[[ The records open ]]

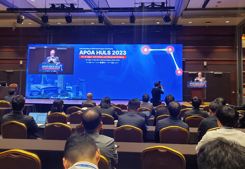 대한수부외과학회가 주최하고 아시아태평양 정형외과 수부상지학회가 주관한 이번 학술대회는 상지의 예술과 첨단 과학(Art and Advanced Science of the Upper Extremities)’ 주제로 호주, 일본, 싱가포르 등 19개국 500여명 수부·상지 전문의와 전문가가 모여 다양한 연구 결과를 공유, 상지 수술과 미래 과학기술을 결합한 혁신적인 의료 기술을 소개하며 글로벌 의학 발전에 이바지하기 위해 마련됐습니다.
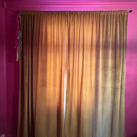 Gardinene er kjøpt hos gardin spesialist og sydd etter mål.
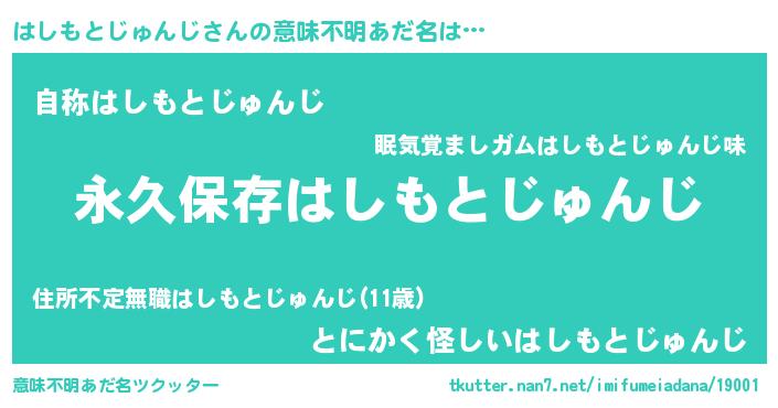 | 胡散臭い通販商品みたいなあだ名 | 『来世でも幸せになれる健康食品…その名も「はしもとじゅんじ」』 |
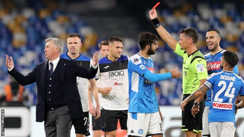 Goals from Serbian defender Nikola Maksimovic and Polish forward Arkadiusz Milik had twice given the hosts the lead, with Remo Freuler scoring for the visitors before the late flashpoint.
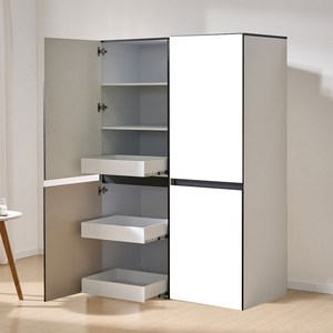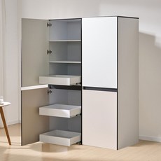 오픈형 디자인으로 홈카페와 주방 공간을 효율적으로 활용할 수 있는 수납장으로, 냉장고장과 팬트리장을 함께 구성해 다양한 주방용품을 깔끔하게 정리할 수 있는 제품입니다.
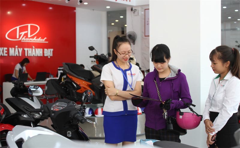 Nhân viên Công ty TNHH Ô tô xe máy Thành Đạt tư vấn cho khách hàng chọn xe.
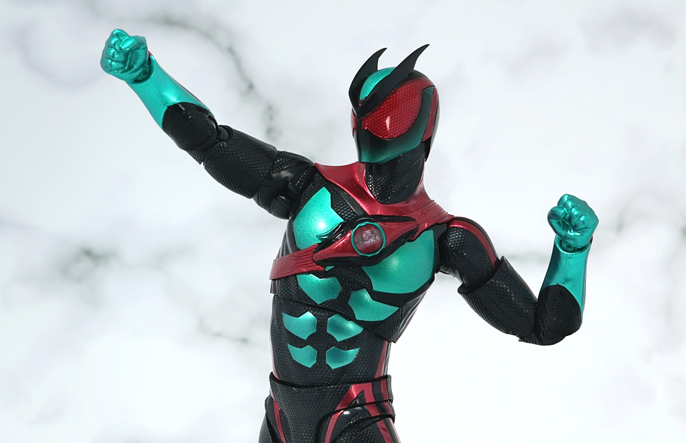 劇中同様、筋肉質なボディラインの一体感があるプロポーションで造形。

[[ The records closed ]]

Exercise instructions —
When you repeat the listing, keep it exact and leave the pictures behind.

Solution to the exercise —
 대한수부외과학회가 주최하고 아시아태평양 정형외과 수부상지학회가 주관한 이번 학술대회는 상지의 예술과 첨단 과학(Art and Advanced Science of the Upper Extremities)’ 주제로 호주, 일본, 싱가포르 등 19개국 500여명 수부·상지 전문의와 전문가가 모여 다양한 연구 결과를 공유, 상지 수술과 미래 과학기술을 결합한 혁신적인 의료 기술을 소개하며 글로벌 의학 발전에 이바지하기 위해 마련됐습니다.
 Gardinene er kjøpt hos gardin spesialist og sydd etter mål.
 | 胡散臭い通販商品みたいなあだ名 | 『来世でも幸せになれる健康食品…その名も「はしもとじゅんじ」』 |
 Goals from Serbian defender Nikola Maksimovic and Polish forward Arkadiusz Milik had twice given the hosts the lead, with Remo Freuler scoring for the visitors before the late flashpoint.
 오픈형 디자인으로 홈카페와 주방 공간을 효율적으로 활용할 수 있는 수납장으로, 냉장고장과 팬트리장을 함께 구성해 다양한 주방용품을 깔끔하게 정리할 수 있는 제품입니다.
 Nhân viên Công ty TNHH Ô tô xe máy Thành Đạt tư vấn cho khách hàng chọn xe.
 劇中同様、筋肉質なボディラインの一体感があるプロポーションで造形。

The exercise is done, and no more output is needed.